A few months earlier, at the end of 2018, the European Commission published the report of a high-level expert group on online disinformation, which made similar recommendations. Here again, media and information literacy is described as a means of empowerment, a way of developing people’s resilience in an increasingly complex digital environment.

And last summer, the UK’s National Literacy Trust published a report on ‘critical digital literacy’, produced in collaboration with an all-party parliamentary group on literacy. Along with the rather tired approach of a Children’s Charter on Fake News, it too places a central emphasis on the need for children to learn to question online information, both in school and at home.

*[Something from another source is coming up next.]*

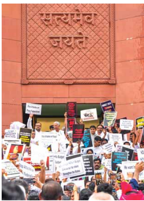
INDIA Bloc MPs stage a protest in Parliament premises over alleged discrimination in the Union Budget 2024, during the Monsoon Session, in New Delhi, on Wednesday

Opposition parties resorted to vehement protest in and out of Parliament on Wednesday over the alleged discrimination against Opposition-ruled States in the Union Budget. MPs belonging to the INDIA Bloc staged protest in Parliament premises during the day and also walked out from the Rajya Sabha while heated exchange of words between the ruling benches "outrageous" and said all the States never found a mention in any of the previous Budgets, including those presented by the Congress. Leader of the Opposition in the Lok Sabha Rahul Gandhi said the Budget is an "assault on the sanctity of India's federal structure". Ruling BJP dismissed the Congress charge of the Union Budget being "discriminatory" towards Opposition-ruled States and asserted that every

There are some differences among these reports, but they share a view of the importance of digital literacy as an accompaniment (if not a potential alternative) to centralized regulation. Digital literacy is presented as an essential means of dealing with the growing risks and challenges of digital media. It entails an awareness of digital rights, for example in relation to privacy and freedom of expression; but in all these reports, it also entails critical understanding, not only of how these technologies and platforms operate, but also of how digital media represent the world. So far, so good.

Despite this recent wave of interest, ‘digital literacy’ isn’t a new idea – although it seems to mean quite different things to different people. Some definitions are expansive and social: they look at people’s engagement with digital media in the context of their everyday lives, and their motivations and purposes in using (or not using) media. This was broadly the approach of an earlier high-level expert group convened by the European Commission, in which I was involved almost ten years ago: you can find the report here. By contrast, other definitions are much more reductive and instrumental: they are primarily about technical know-how, and learning to operate hardware and software. One example of this approach is the European ‘driving test’ on computer skills, promoted by the ECDL Foundation.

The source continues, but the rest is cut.